The theoreticians in the group, headed by Boris Yakobson - co-author of the study, who is a Rice University professor—developed a model elucidating the crystal orientations that had the distinctive characteristics that make them suitable, and why the selection of the fittest might rely on the precursors and the substrate.

If graphene or any 2D material ever advances to industrial scale, this approach will be pivotal, similar to Czochralski’s method for silicon. Manufacturers can rest assured that when a large, wafer-size raw layer is cut for any device fabrication, each resulting piece will be a quality monocrystal.
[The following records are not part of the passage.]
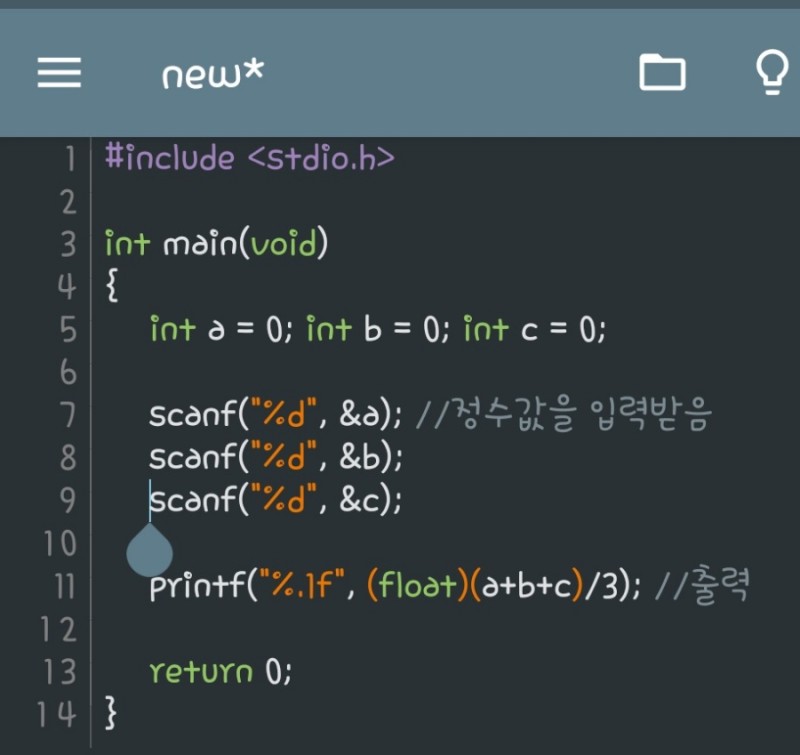 //세 변수값을 더한 걸 (a+b+c) 한꺼번에 실수형으로(float)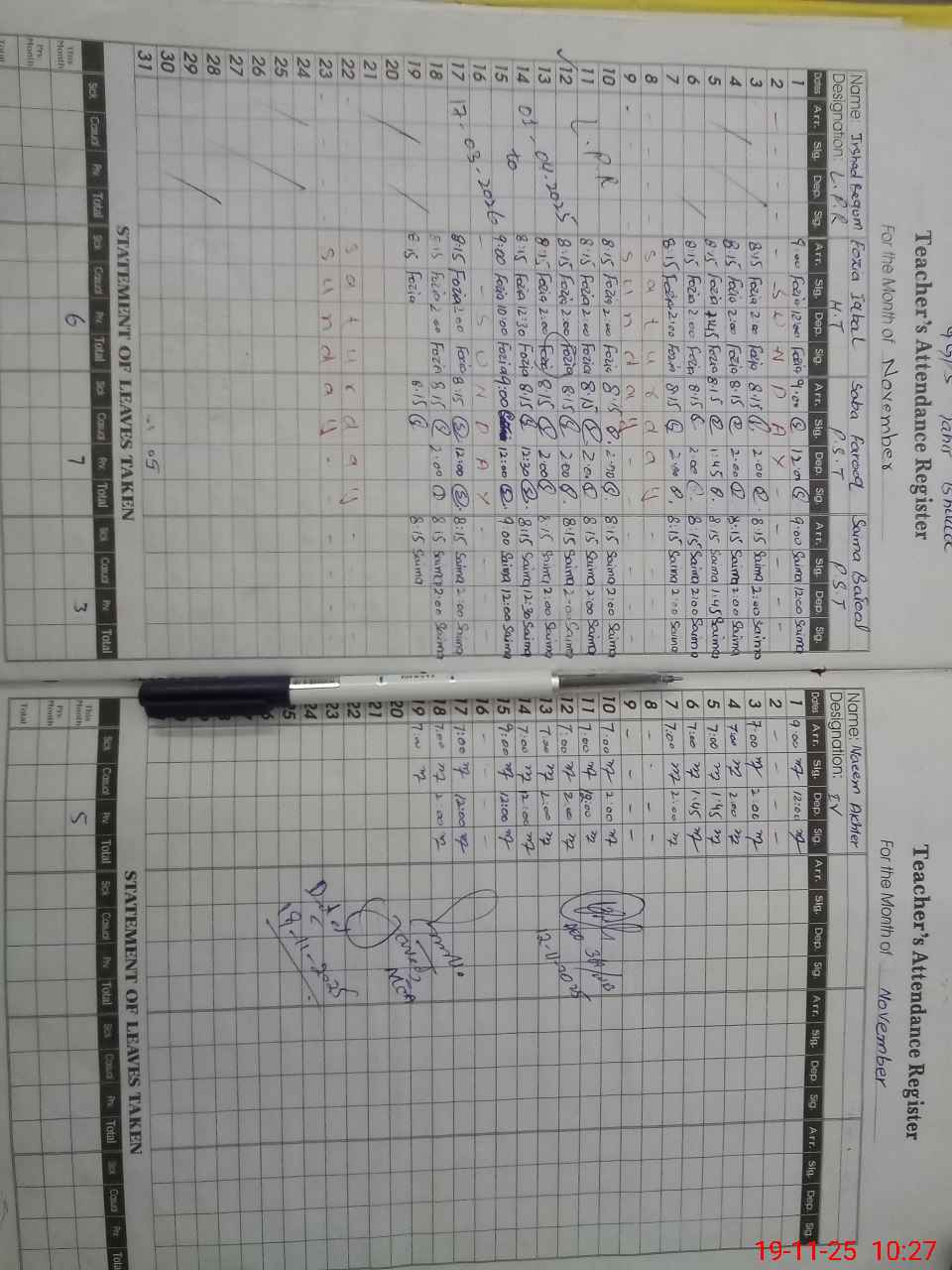 | Leave | Duty | Absent | Maternity | Medical | Ex- Pak |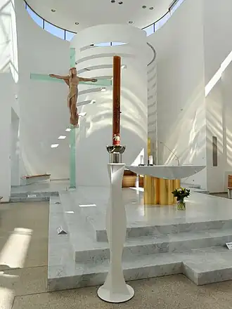 - Skleněný kříž, stojící v levé části presbytáře, vyvažuje excentricky umístěnou kapli Nejsvětější svátosti. Je složen ze tří částí, každá je tvořena 9 vrstvami temperovaného skla, proloženými fóliemi. Středová spojka je z leštěné nerezové oceli a na ní je upevněn korpus Krista Spasitele (olše). Kříž má výšku 5,75 m a hmotnost přes 1 t.[12]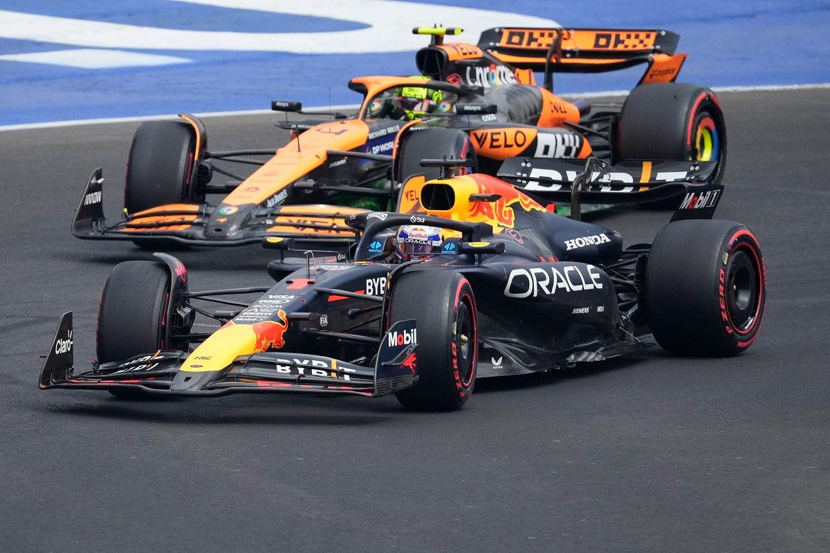 Red Bull driver Max Verstappen of the Netherlands, front, and McLaren driver Lando Norris of Britain steer their cars during the third free practice ahead of the Formula One Mexico Grand Prix auto race at the Hermanos Rodriguez racetrack in Mexico City, Saturday, Oct. 26, 2024. AP Photo/Eduardo Verdugo

This potentially huge, impactful role motivates us to explore theoretical principles to be as clear as possible.

Boris Yakobson, Co-Author

Workable advancement of graphene by adopting the technique developed by the researchers is still to be tested; however, the team is confident that their survival of the fittest single-crystal growth technique could also be used for propitious substitutive 2D materials such as molybdenum disulfide and boron nitride, which is also called as “white graphene.”

Coauthors of the study titled “Evolutionary selection growth of two-dimensional materials on polycrystalline substrates” are Ivan Vlassiouk, Yijing Stehle, Raymond R. Unocic, Arthur P. Baddorf, Ilia N. Ivanov, Nickolay V. Lavrik, and Frederick List from Oak Ridge National Laboratory; Philip D. Rack from ORNL and University of Tennessee; Pushpa Raj Pudasaini from University of Texas; Nitant Gupta, Ksenia Bets, and Boris I. Yakobson from Rice University; and Sergei Smirnov from New Mexico State University.

ORNL’s Laboratory Directed Research and Development program, ORNL’s technology transfer royalty funded Technology Innovation Program and DOE’s Advanced Research Projects Agency-Energy supported the study. Microscopy study was supported as part of the Fluid Interface Reactions, Structures, and Transport Center, an Energy Frontier Research Center. This study also leveraged ORNL’s Center for Nanophase Materials Sciences, a DOE Office of Science User Facility.